The Revenant
Billy Collins
I am the dog you put to sleep,
as you like to call the needle of oblivion,
come back to tell you this simple thing:
I never liked you.
When I licked your face,
I thought of biting off your nose.
When I watched you toweling yourself dry,
I wanted to leap and unman you with a snap.
I resented the way you moved,
your lack of animal grace,
the way you would sit in a chair to eat,
a napkin on your lap, knife in your hand.
I would have run away,
but I was too weak, a trick you taught me
while I was learning to sit and heel,
and--greatest of insults--shake hands without a hand.
I admit the sight of the leash
would excite me
but only because it meant I was about
to smell things you had never touched.
You do not want to believe this,
but I have no reason to lie.
I hated the car, the rubber toys,
disliked your friends and, worse, your relatives.
The jingling of my tags drove me mad.
You always scratched me in the wrong place.
All I ever wanted from you
was food and fresh water in my metal bowls.
While you slept, I watched you breathe
as the moon rose in the sky.
It took all of my strength
not to raise my head and howl.
Now I am free of the collar,
the yellow raincoat, monogrammed sweater,
the absurdity of your lawn,
and that is all you need to know about this place
except what you already supposed
and are glad it did not happen sooner--
that everyone here can read and write,
the dogs in poetry, the cats and all the others in prose.
My Dog Practices Geometry
Cathryn Essenger
I do not understand the poets who tell me
that I should not personify.
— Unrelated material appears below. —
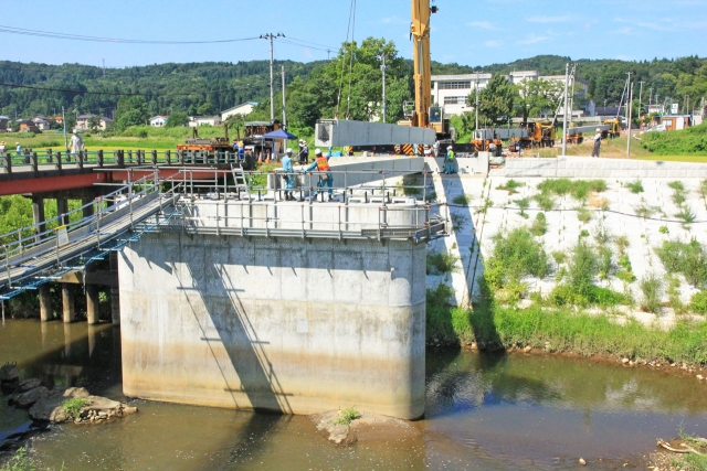 中鯖石地区待望の「鯖石橋」架橋作業。左が現在の「鯖石橋」、対岸の白い建物が鯖石小校舎=25日、鯖石川右岸の善根側から撮影

Every morning
the willow auditions for a new role
outside my bedroom window—today she is
Clytemnestra; yesterday a Southern Belle,
lost in her own melodrama, sinking on her skirts.
Nor do I like the mathematicians who tell me
I cannot say, "The zinnias are counting on their
fingers," or "The dog is practicing her geometry,"
even though every day I watch her using
the yard's big maple as the apex of a triangle
from which she bisects the circumference
of the lawn until she finds the place where
the rabbit has escaped, or the squirrel upped
the ante by climbing into a new Euclidian plane.
She stumbles across the lawn, eyes pulling
her feet along, gaze fixed on a rodent working
the maze of the oak as if it were his own invention,
her feet tangling in the roots of trees, and tripping,
yes, even over themselves, until I go out to assist,
by pointing at the squirrel, and repeating, "There!
There!" But instead of following my outstretched
arm to the crown of the tree, where the animal is
now lounging under a canopy of leaves,
catching its breath, charting its next escape,
she looks to my mouth, eager to read my lips,
confident that I—who can bring her home
from across the field with a word, who
can speak for the willow and the zinnia—
can surely charm a squirrel down from a tree.
The Storm
Mary Oliver
Now through the white orchard my little dog
romps, breaking the new snow
with wild feet.
Running here running there, excited,
hardly able to stop, he leaps, he spins
until the white snow is written upon
in large, exuberant letters,
a long sentence, expressing
the pleasures of the body in this world.